Material provided below:
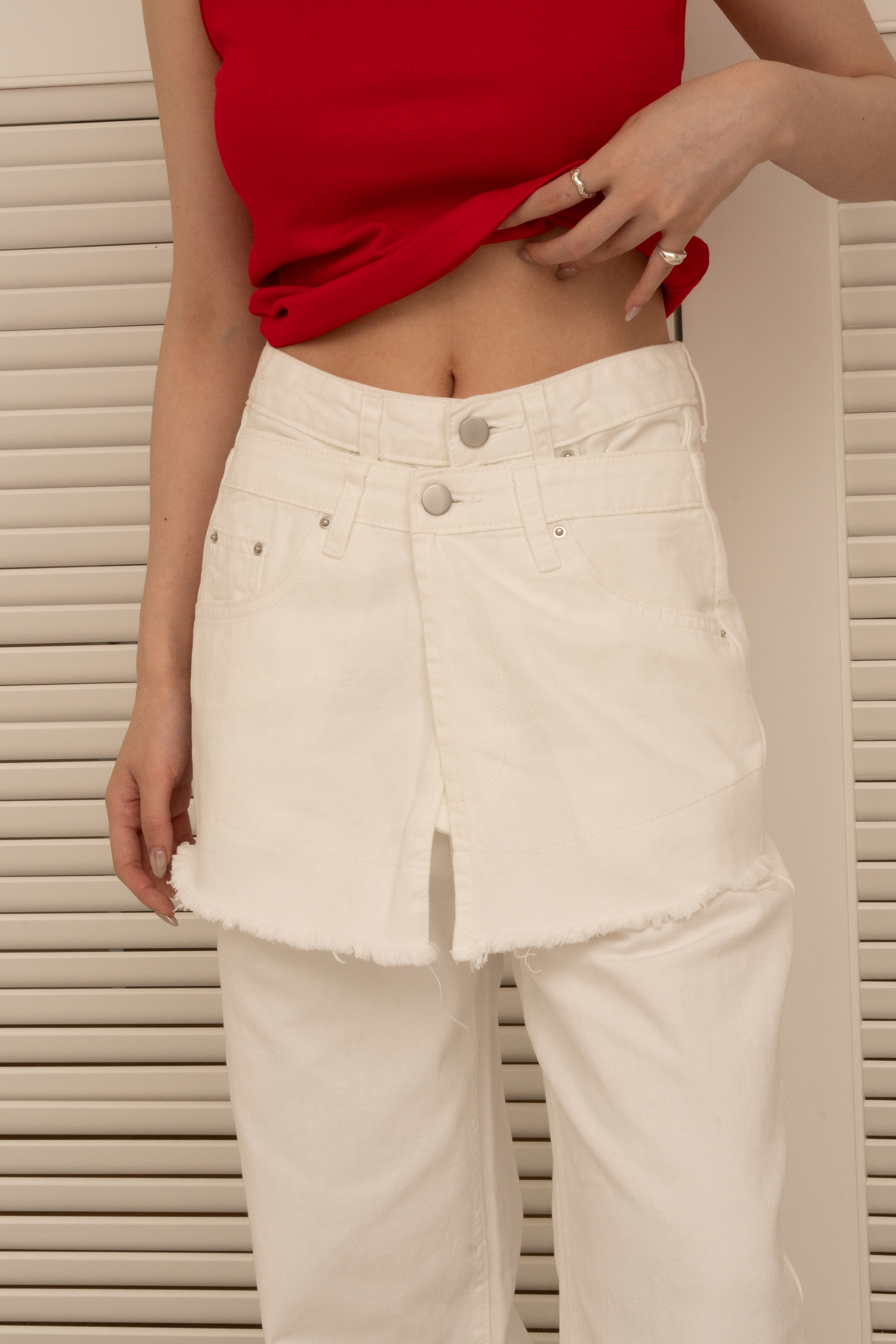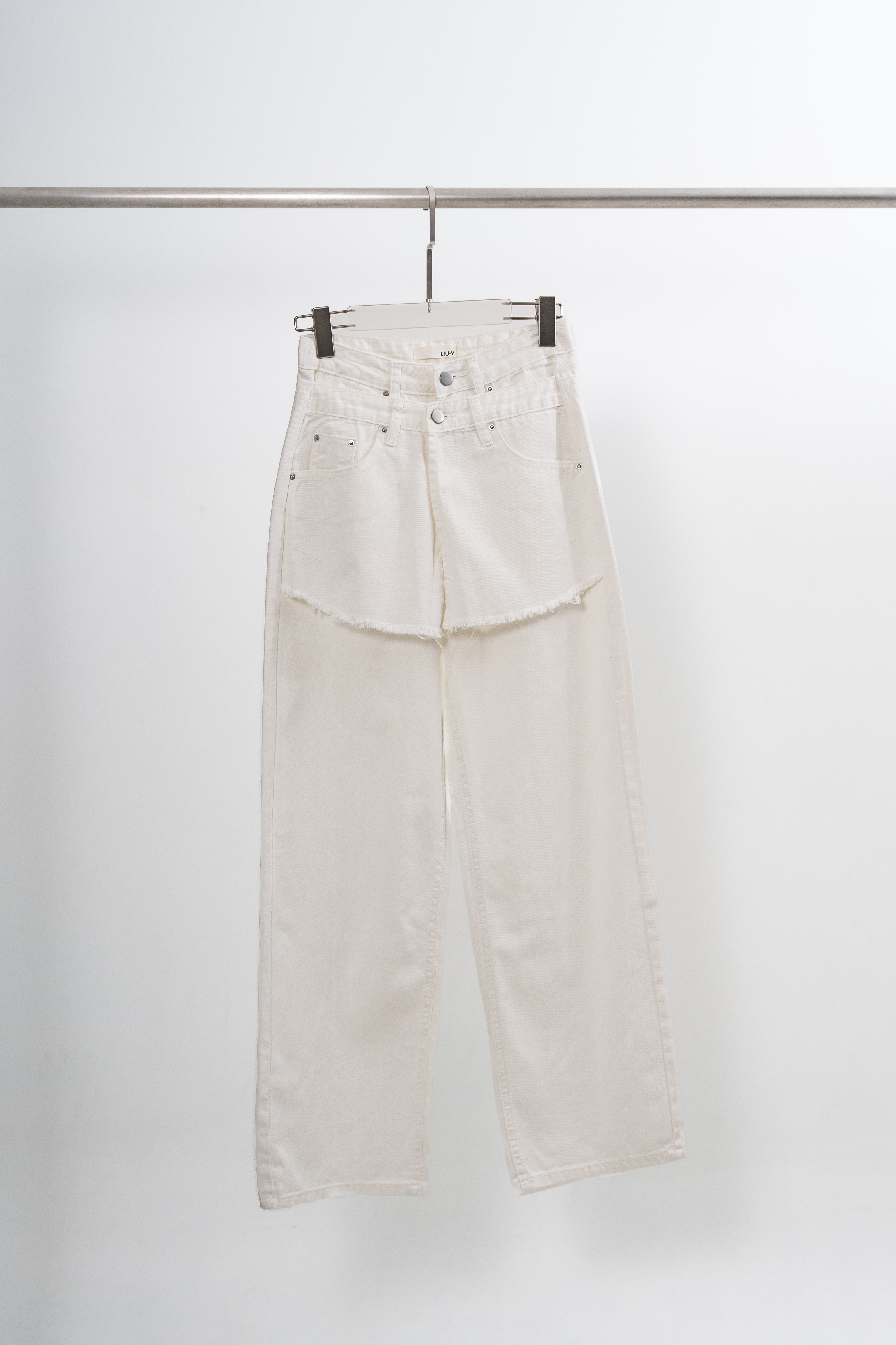 直筒褲版型 前褲檔 裙片設計 共6個口袋 牛仔面料
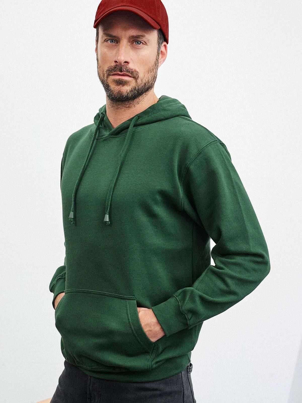 80% cotone, 20% poliestere. Felpa classica con cappuccio, Felpa di alta qualità con interno felpato, Necktape, bordino con elastan, grande tasca a marsupio, Cappuccio a doppio strato. Lavabile a 60° C, mantiene la forma, Tessuto esterno (300 g/m²). Manica lunga.
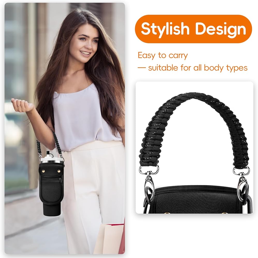 4 Ways to Carry: Comes with a detachable paracord handle and an adjustable shoulder strap, offering various carrying options. You can use it as a crossbody bag, shoulder bag, waist bag, or handbag, making it convenient to carry your tumbler on the go
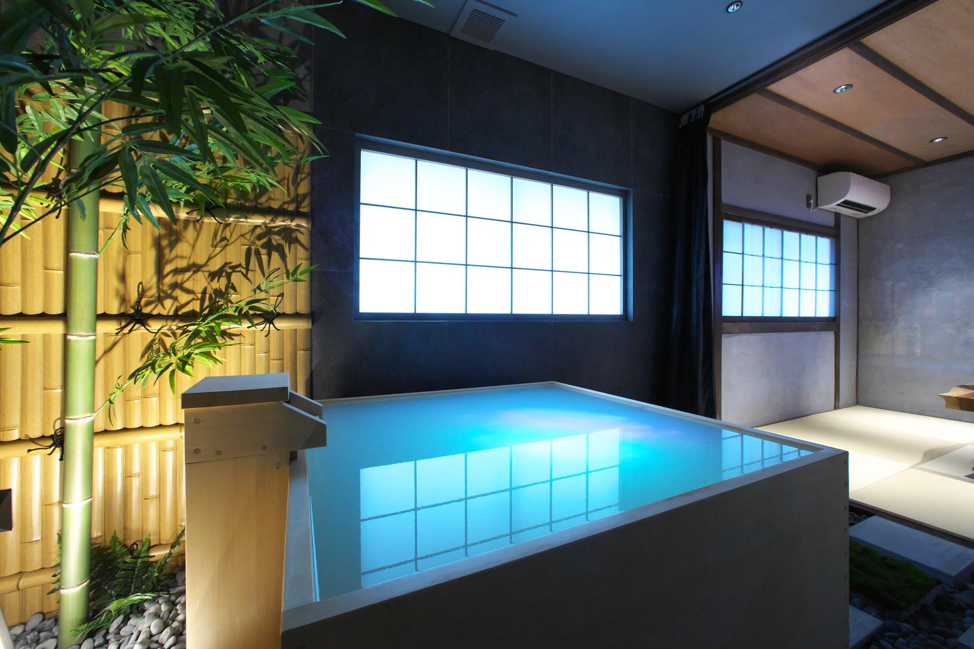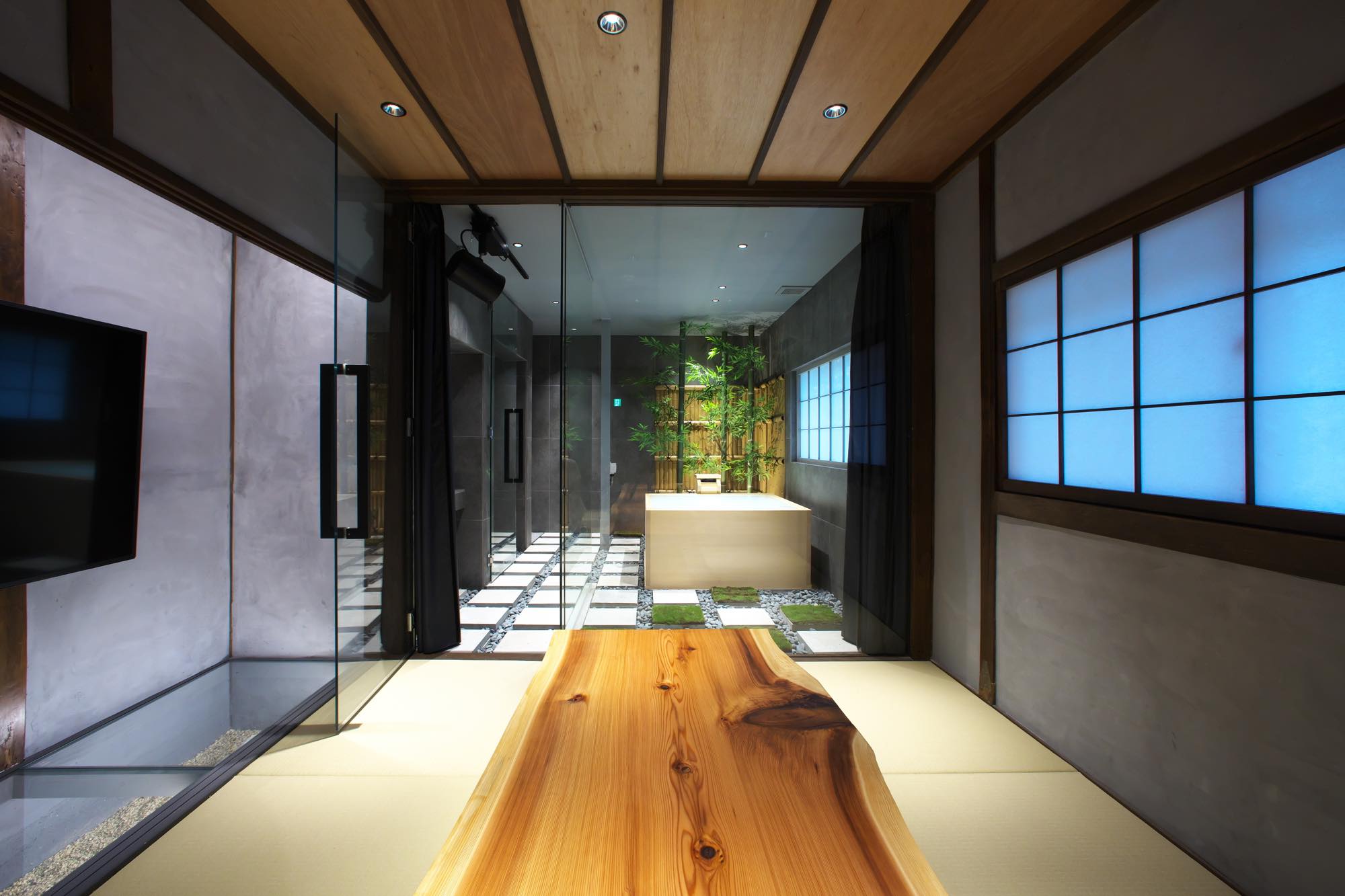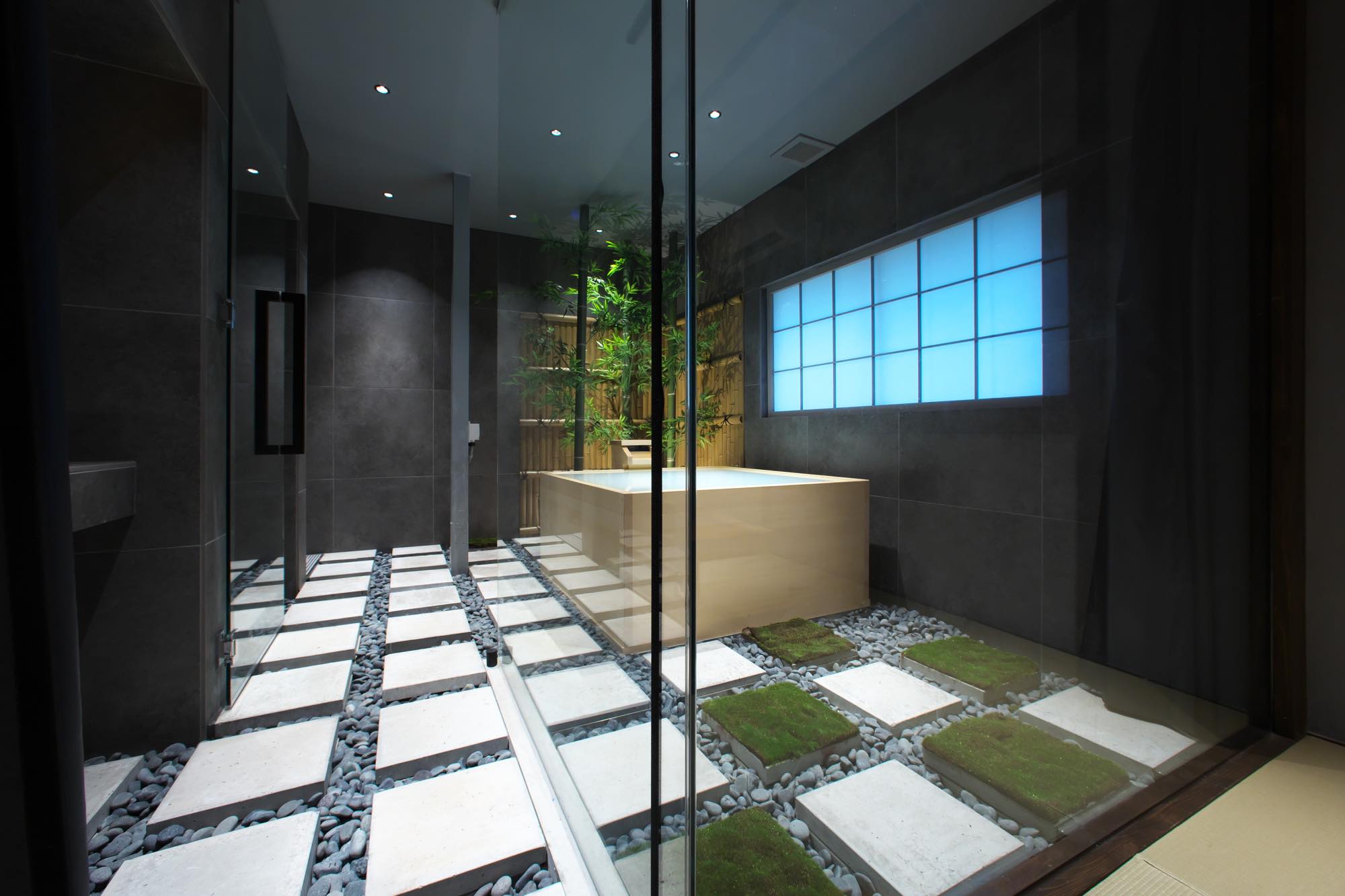 施設内には、1枚石(レコストーン)の玄関扉、ガラス張り枯山水、枯山水を現代的に解釈デザインした檜風呂、木工用CNCルーターを利用した伝統格子を使用し、日本の特徴的なデザイン要素でお客様をもてなします。
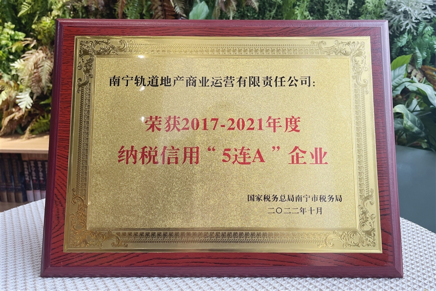近日,軌道地產(chǎn)商業(yè)公司榮獲國家稅務(wù)總局南寧市稅務(wù)局授予的納稅信用“5連A”企業(yè)榮譽(yù)稱號。獲此殊榮,不僅是稅務(wù)機(jī)關(guān)對軌道地產(chǎn)商業(yè)公司稅務(wù)管理工作的充分肯定,更為軌道地產(chǎn)商業(yè)公司走高質(zhì)量發(fā)展之路提供了強(qiáng)有力的支撐。
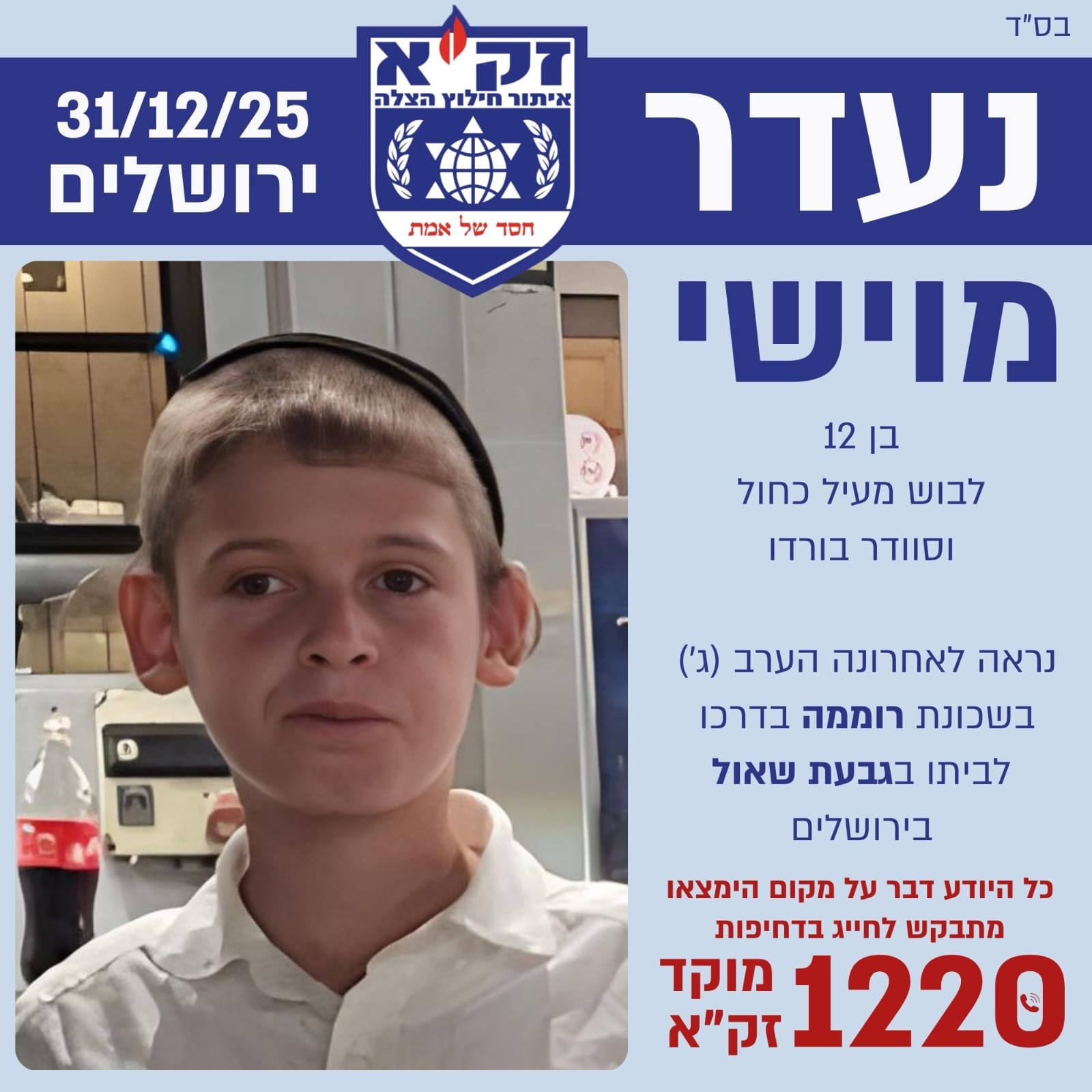 הילד מוישי, בן 12, נעדר מאז השעה 19:00 בירושלים. הילד ללא טלפון נייד, והיעדרותו מעוררת חשש כבד.
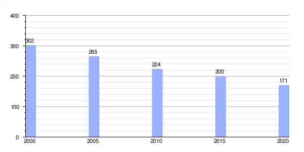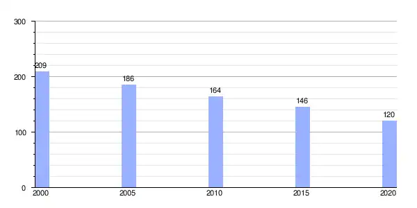 | Gráfica de evolución demográfica de Rececende (aldea) entre 2000 y 2020 |
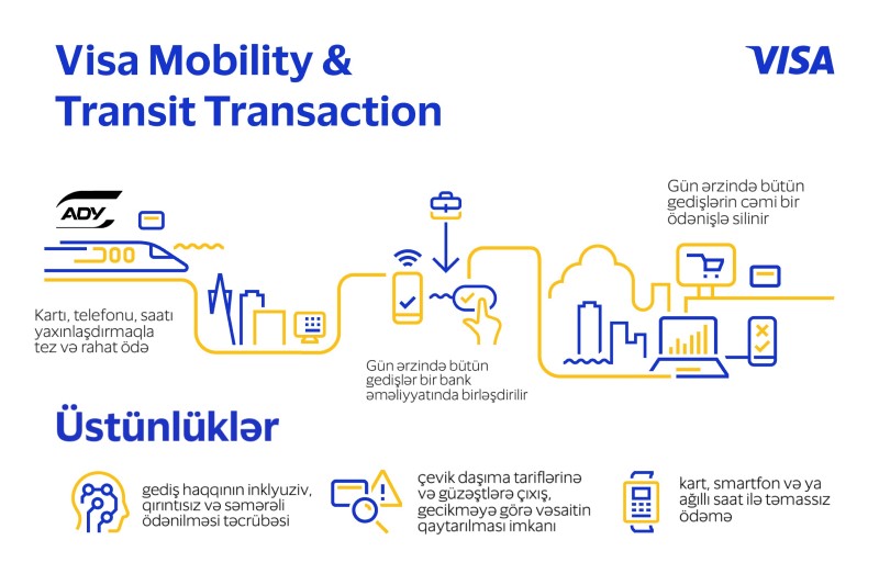Bu texnologiya sərnişinin ictimai nəqliyyatda gün ərzində etdiyi bütün gedişləri cəm etməyə və onların toplam dəyərini günün sonunda sərnişinin hesabından birdəfəlik silməyə, eləcə də təmassız ödənişləri bank kartları və ya NFC modullu cihazlar (smartfonlar və ağıllı saatlar) vasitəsilə həyata keçirməyə imkan verirVisa şirkəti Azərbaycanda ilk dəfə Mobility & Transit Transaction (MTT, “mobillik və tranzit əməliyyatları”) texnologiyasını tətbiq edəcək.
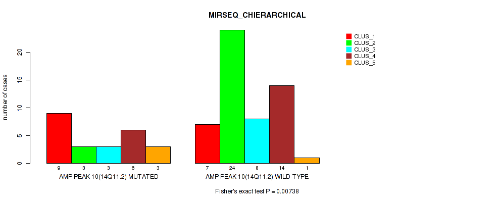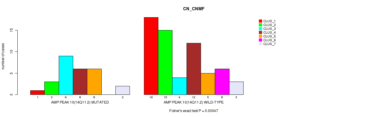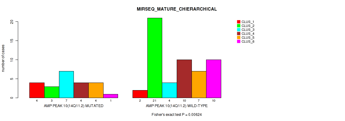 amp_14q11.2 cnv correlated to 'CN_CNMF', 'METHLYATION_CNMF', 'RPPA_CNMF', 'RPPA_CHIERARCHICAL', 'MRNASEQ_CNMF', 'MRNASEQ_CHIERARCHICAL', 'MIRSEQ_CNMF', 'MIRSEQ_CHIERARCHICAL', 'MIRSEQ_MATURE_CNMF', and 'MIRSEQ_MATURE_CHIERARCHICAL'.
End of Material provided.
Assignment
All lines from the first in the listing above to the line containing "80% cotone, 20%", inclusive, go in the output exactly as they are; no pictures go in.

Exercise answer
 直筒褲版型 前褲檔 裙片設計 共6個口袋 牛仔面料
 80% cotone, 20% poliestere. Felpa classica con cappuccio, Felpa di alta qualità con interno felpato, Necktape, bordino con elastan, grande tasca a marsupio, Cappuccio a doppio strato. Lavabile a 60° C, mantiene la forma, Tessuto esterno (300 g/m²). Manica lunga.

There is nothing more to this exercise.